Material provided below:
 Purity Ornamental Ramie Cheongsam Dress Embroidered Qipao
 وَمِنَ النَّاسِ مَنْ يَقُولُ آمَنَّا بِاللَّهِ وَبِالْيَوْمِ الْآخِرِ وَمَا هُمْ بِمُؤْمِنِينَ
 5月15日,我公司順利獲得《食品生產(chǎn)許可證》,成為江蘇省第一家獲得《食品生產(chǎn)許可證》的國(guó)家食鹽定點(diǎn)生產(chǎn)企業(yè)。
End of Material provided.
Material provided below:
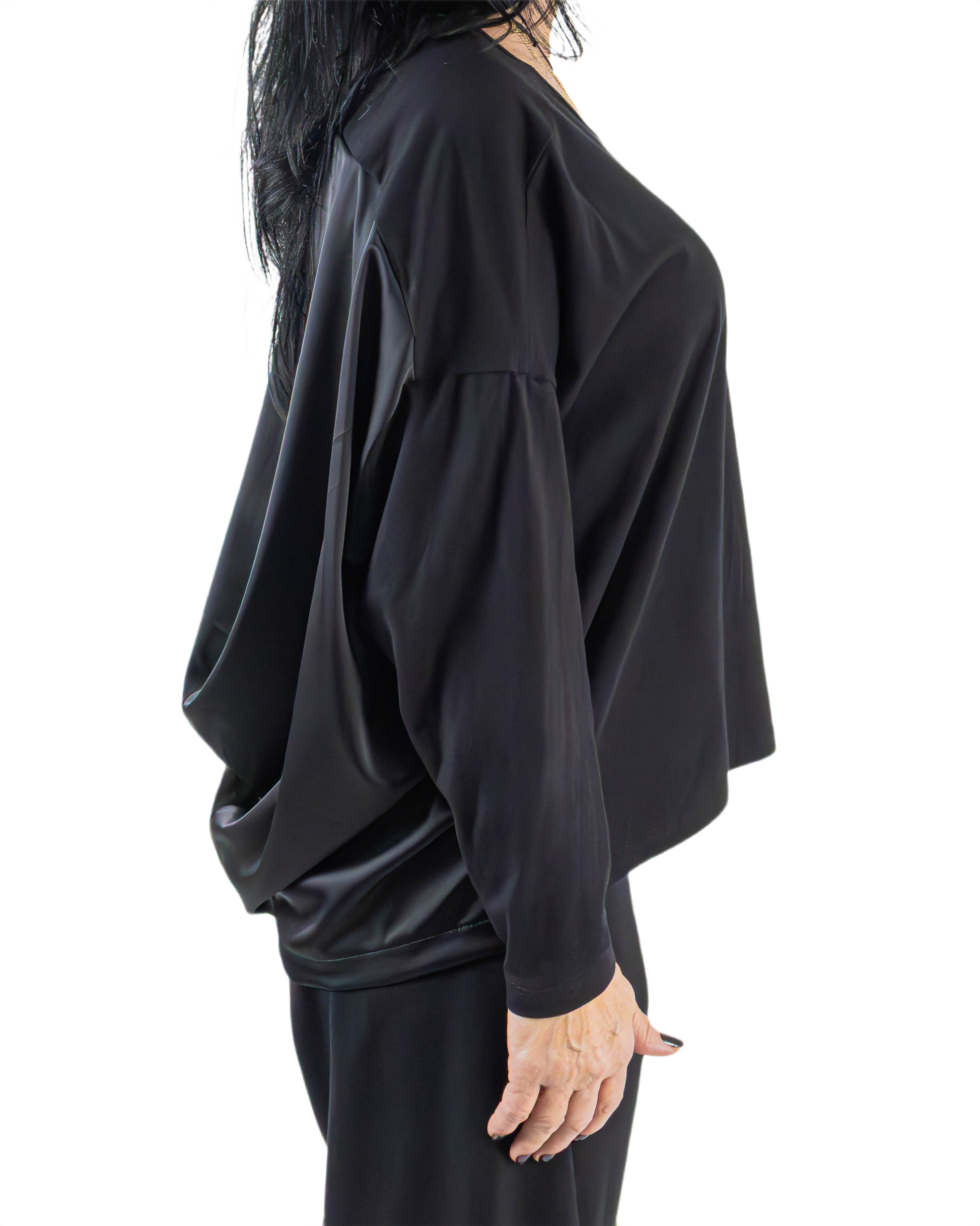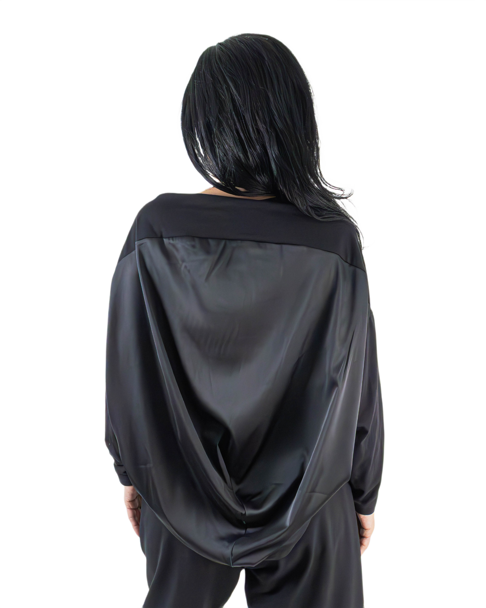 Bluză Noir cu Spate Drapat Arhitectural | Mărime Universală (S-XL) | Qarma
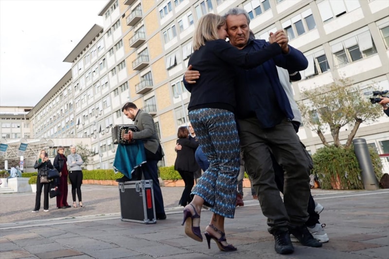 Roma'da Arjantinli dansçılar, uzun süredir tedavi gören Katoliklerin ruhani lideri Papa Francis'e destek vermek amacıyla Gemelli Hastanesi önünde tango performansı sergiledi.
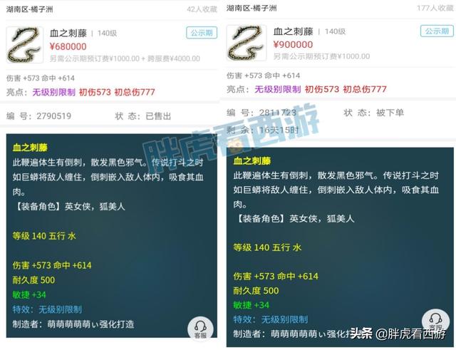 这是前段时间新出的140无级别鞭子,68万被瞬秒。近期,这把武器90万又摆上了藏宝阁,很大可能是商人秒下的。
End of Material provided.
* _Directions for this task_
Using the data above, reproduce exactly the lines from the line that contains "وَمِنَ النَّاسِ مَنْ" through the line that contains "5月15日,我公司順利獲得《", including both.

* _Output for this task_
 وَمِنَ النَّاسِ مَنْ يَقُولُ آمَنَّا بِاللَّهِ وَبِالْيَوْمِ الْآخِرِ وَمَا هُمْ بِمُؤْمِنِينَ
 5月15日,我公司順利獲得《食品生產(chǎn)許可證》,成為江蘇省第一家獲得《食品生產(chǎn)許可證》的國(guó)家食鹽定點(diǎn)生產(chǎn)企業(yè)。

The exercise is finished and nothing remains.